Felix Neureuther verpasst auch beim Slalom in Adelboden einen Podestplatz. Gut fünf Wochen vor der WM suchen noch alle Deutschen nach ihrer Form. Fritz Dopfer ist verletzt und Stefan Luitz hat Probleme mit der Hocke.

Von Johannes Knuth, Adelboden

Der Skirennfahrer Felix Neureuther hat früher einige Winterurlaube in der Schweiz verbracht, er hat sich dort einen reichhaltigen Wortschatz angeeignet, den er am Wochenende in Adelboden wieder routiniert einbrachte: "Chhure geil" sei die Stimmung gewesen (für Nicht-Schweizer: extrem geil). "Felix, Felix, Felix", schwappte es prompt von der Tribüne herunter.

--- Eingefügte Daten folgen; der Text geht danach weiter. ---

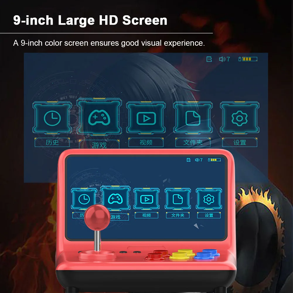 9-дюймовый цветной экран обеспечивает хороший визуальный опыт. Он также поддерживает hd-выход, вы можете наслаждаться играми с большим экраном на внешнем дисплее.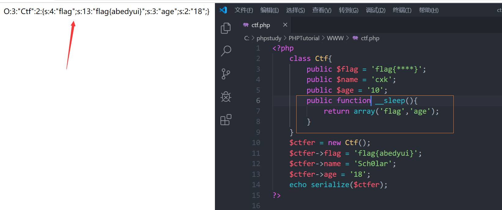 上图__sleep()方法使flag age 属性序列化 name并没有被序列化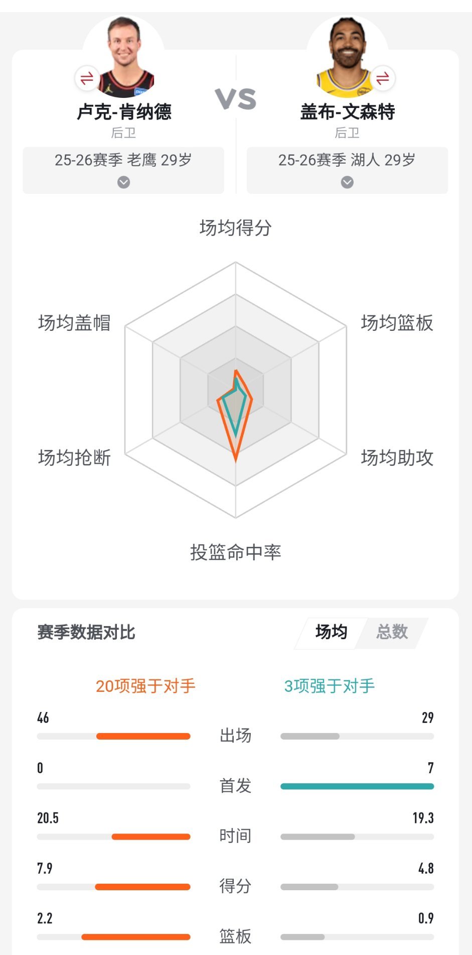 湖人送走文森特,从老鹰得到肯纳德!!!本赛季文森特和肯纳德23项能力对比:肯纳德20项胜出!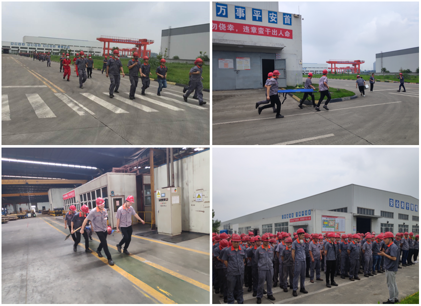 演練前公司制定了詳細的演練方案,并組織各部門、應急小組成員講解應急避震的保護措施和震后自救知識。6月27日下午13:20分演練警報響起,各部門、車間人員立即進入緊急避險狀態,13:22疏散警報響起,辦公樓、生產車間人員迅速、有序地組織人員疏散到緊急集合部并進行人員統計。當發現有人員受傷被困時,搶險救援組成員佩戴好防護用品及救援器材迅速開始營救工作。整個過程經過10分鐘左右,人員疏散、警戒、救護等工作全部完成。總指揮宣布演練結束。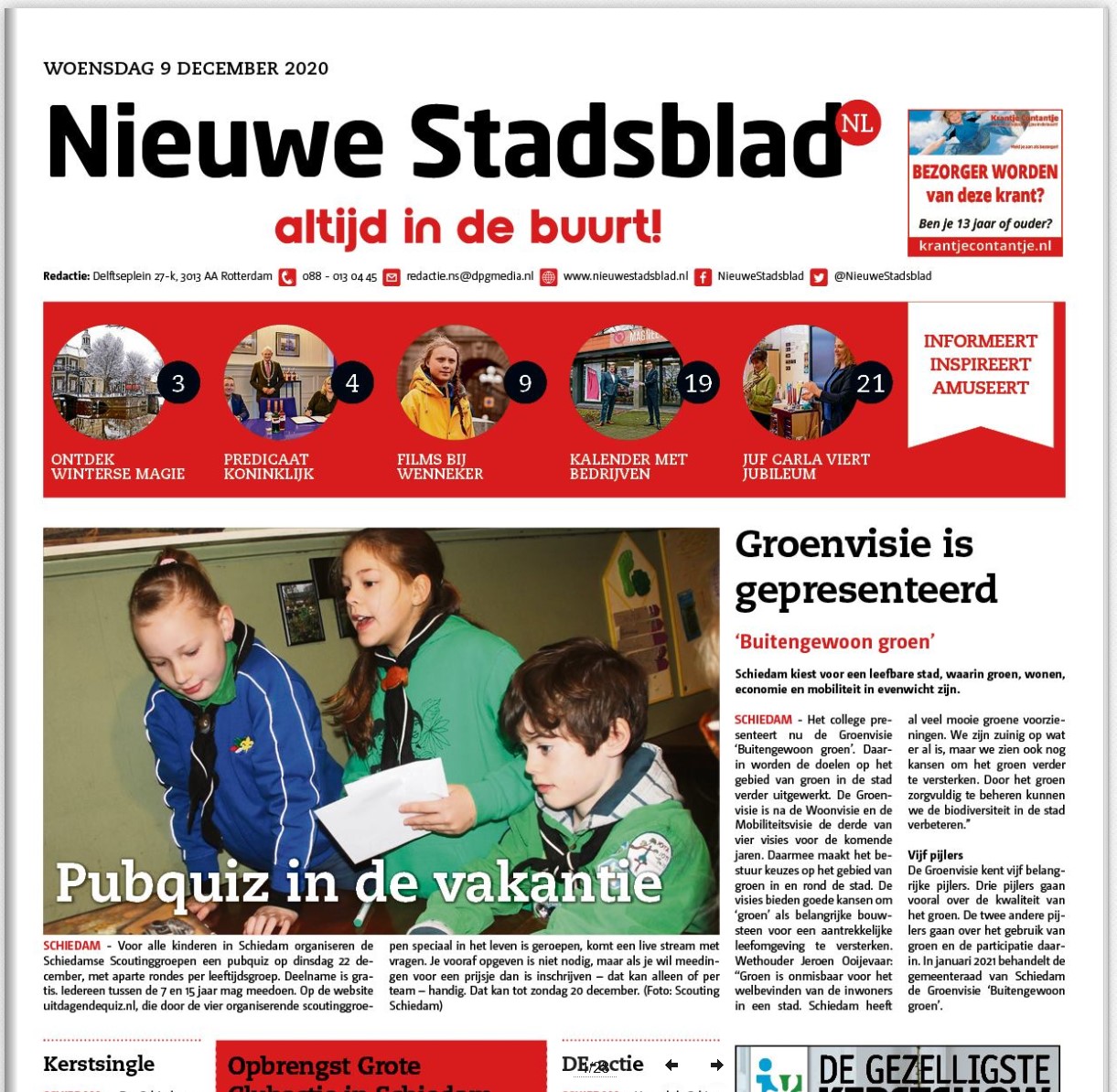Op de voorpagina van het Nieuwe Stadsblad van 9 december 2020 kondigde de krant de pubquiz aan, georganiseerd door de vier Schiedamse Scoutinggroepen.

Der Stadionsprecher beschloss, Neureuther gleich einzugemeinden, "du bist einer von uns", krächzte er. Das hatte den schönen Effekt, dass der Tag aus Schweizer Sicht gleich viel besser aussah, Neureuther war im Riesenslalom just Achter geworden, die Schweizer dagegen hatten es beim traditionsreichen Weltcuphalt im Berner Oberland nicht unter die besten Zehn geschafft. Mal wieder, stöhnte die Skination.

Neureuther reichte im Slalom am Sonntag dann noch einen vierten Platz ein, und er wusste nicht so recht, ob er damit jetzt zufrieden sein sollte oder nicht. Chhhuregeil fand er es jedenfalls nicht.

Felix Neureuther gesteht: "Diese freche Selbstverständlichkeit fehlt einfach noch"

Neureuthers Wochenende hatte zäh begonnen, mit gewagten Schräglagen im Riesenslalom, einem Bluterguss im Oberschenkel und Quarkwickeln am Samstagabend. Auch der erste Lauf beim Slalom begann lauwarm, "kein Punch", befand Neureuther; er profitierte aber davon, dass nach ihm dichter Nebel in die Strecke kroch. "Ich hab halt gedacht, ich mach langsamer, dass es fair ist", scherzte er. Der zweite Lauf gelang besser, Neureuther verschlug es allerdings fünf Hundertstel hinter Marcel Hirscher, den Dritten; Sieger Henrik Kristoffersen hatte sich sogar um 2,24 Sekunden abgesetzt. Und jetzt? Neureuther sagte: "Arbeit, Arbeit, Arbeit."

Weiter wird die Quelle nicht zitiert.